## [What to do]
Take each line of the data that contains the string "your" and copy it.

## [Exercise material]

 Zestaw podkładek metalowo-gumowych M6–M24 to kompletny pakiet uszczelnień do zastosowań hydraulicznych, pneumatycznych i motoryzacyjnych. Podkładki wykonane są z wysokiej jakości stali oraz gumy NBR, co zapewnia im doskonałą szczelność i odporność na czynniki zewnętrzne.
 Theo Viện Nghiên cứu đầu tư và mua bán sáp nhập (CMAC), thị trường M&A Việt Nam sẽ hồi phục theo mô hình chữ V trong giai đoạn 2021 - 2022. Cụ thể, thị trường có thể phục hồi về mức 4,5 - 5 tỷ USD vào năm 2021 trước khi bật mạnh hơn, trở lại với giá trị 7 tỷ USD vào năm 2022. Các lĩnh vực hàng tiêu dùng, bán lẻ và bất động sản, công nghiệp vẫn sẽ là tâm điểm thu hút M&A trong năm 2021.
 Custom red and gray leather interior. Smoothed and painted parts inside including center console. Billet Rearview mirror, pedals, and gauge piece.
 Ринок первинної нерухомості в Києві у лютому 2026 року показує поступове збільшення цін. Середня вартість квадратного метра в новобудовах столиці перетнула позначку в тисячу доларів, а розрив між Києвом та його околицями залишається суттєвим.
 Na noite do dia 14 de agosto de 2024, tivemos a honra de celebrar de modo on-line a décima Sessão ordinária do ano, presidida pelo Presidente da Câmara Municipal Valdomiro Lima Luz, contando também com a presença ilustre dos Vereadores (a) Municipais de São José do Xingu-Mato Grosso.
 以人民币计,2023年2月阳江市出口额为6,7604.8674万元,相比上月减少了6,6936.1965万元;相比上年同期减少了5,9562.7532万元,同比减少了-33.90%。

...

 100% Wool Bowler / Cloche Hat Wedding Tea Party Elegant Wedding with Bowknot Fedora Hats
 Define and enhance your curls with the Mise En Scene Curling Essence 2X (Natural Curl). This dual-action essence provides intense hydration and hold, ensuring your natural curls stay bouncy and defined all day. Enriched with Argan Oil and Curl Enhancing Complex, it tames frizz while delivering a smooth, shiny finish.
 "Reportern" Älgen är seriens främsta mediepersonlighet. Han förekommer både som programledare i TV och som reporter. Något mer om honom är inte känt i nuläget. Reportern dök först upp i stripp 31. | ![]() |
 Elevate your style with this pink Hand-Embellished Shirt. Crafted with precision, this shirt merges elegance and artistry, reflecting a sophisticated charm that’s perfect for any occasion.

==

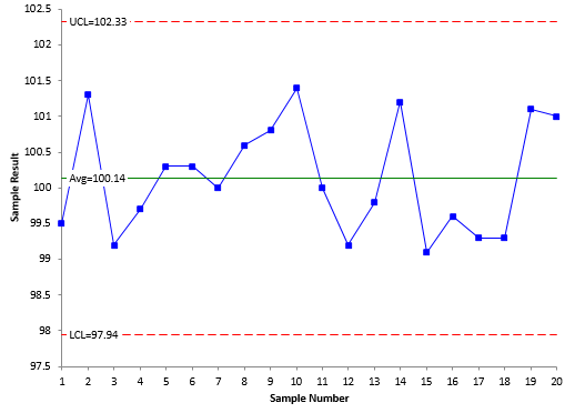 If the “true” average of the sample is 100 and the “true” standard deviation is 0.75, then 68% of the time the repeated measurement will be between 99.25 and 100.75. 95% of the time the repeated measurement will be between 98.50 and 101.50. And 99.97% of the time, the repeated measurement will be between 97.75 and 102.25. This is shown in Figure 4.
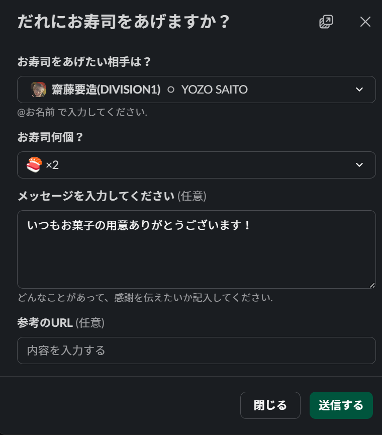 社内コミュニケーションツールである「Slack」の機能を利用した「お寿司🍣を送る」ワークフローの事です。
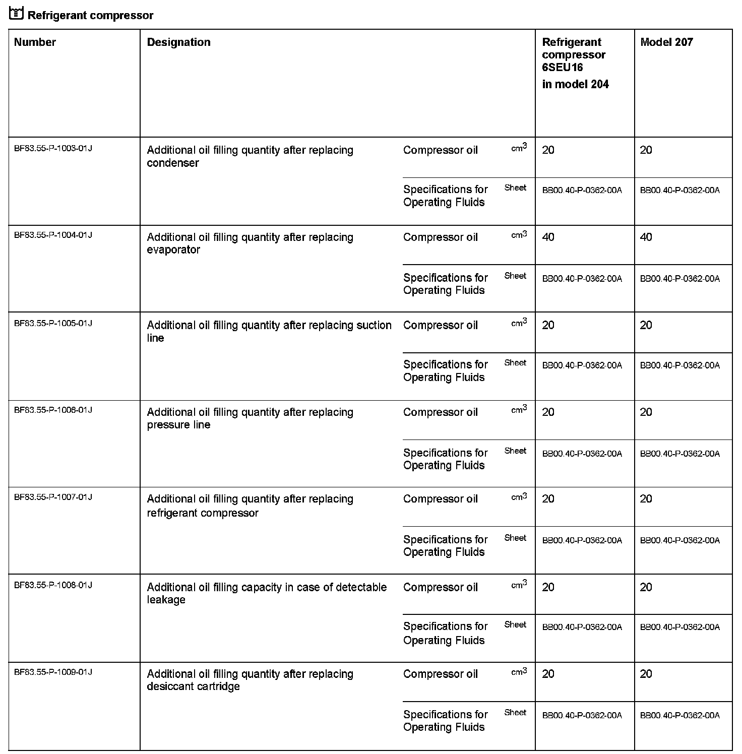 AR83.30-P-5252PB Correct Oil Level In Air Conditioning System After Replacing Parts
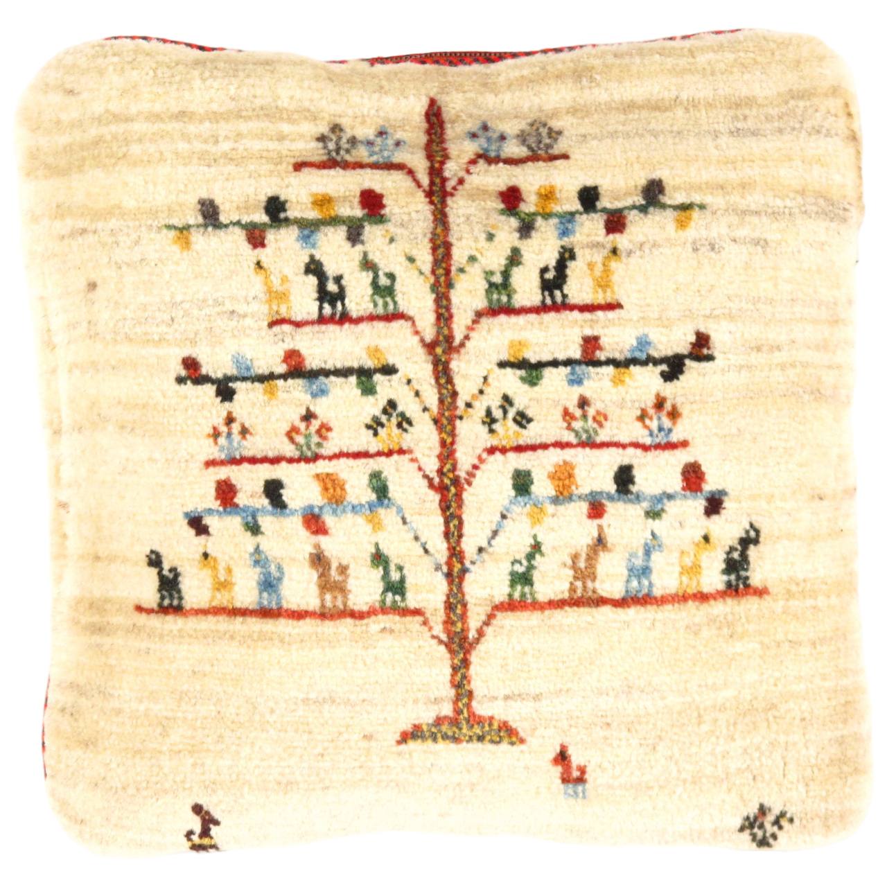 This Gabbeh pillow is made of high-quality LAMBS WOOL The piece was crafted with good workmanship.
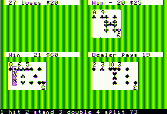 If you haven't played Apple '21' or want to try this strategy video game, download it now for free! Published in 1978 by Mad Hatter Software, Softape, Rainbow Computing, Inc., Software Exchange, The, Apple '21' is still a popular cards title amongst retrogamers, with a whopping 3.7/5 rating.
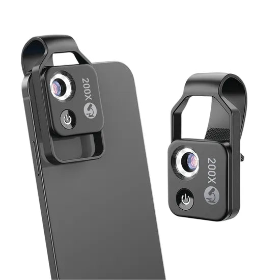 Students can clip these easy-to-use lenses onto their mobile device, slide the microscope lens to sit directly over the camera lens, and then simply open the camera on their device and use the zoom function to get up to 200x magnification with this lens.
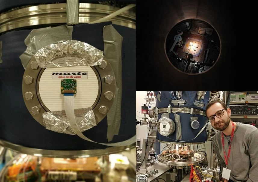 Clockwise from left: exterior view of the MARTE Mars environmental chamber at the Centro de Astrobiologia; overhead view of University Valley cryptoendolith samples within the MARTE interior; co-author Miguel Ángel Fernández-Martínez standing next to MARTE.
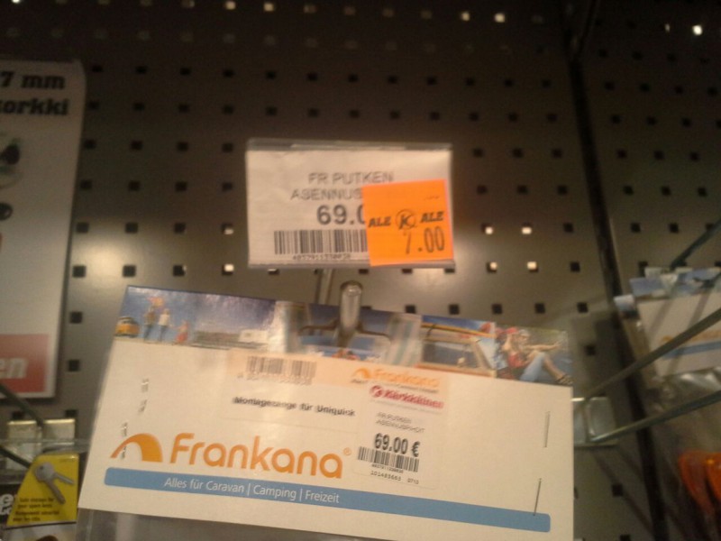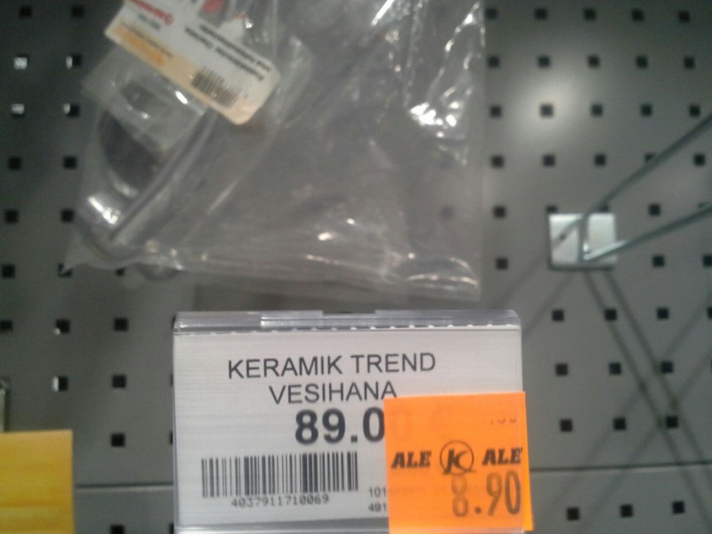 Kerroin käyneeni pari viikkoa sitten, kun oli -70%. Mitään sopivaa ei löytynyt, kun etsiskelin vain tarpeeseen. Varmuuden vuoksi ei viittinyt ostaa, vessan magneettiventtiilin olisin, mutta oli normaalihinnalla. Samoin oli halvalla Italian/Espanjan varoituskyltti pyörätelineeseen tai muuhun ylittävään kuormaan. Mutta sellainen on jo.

## [Result of this task]
 Define and enhance your curls with the Mise En Scene Curling Essence 2X (Natural Curl). This dual-action essence provides intense hydration and hold, ensuring your natural curls stay bouncy and defined all day. Enriched with Argan Oil and Curl Enhancing Complex, it tames frizz while delivering a smooth, shiny finish.
 Elevate your style with this pink Hand-Embellished Shirt. Crafted with precision, this shirt merges elegance and artistry, reflecting a sophisticated charm that’s perfect for any occasion.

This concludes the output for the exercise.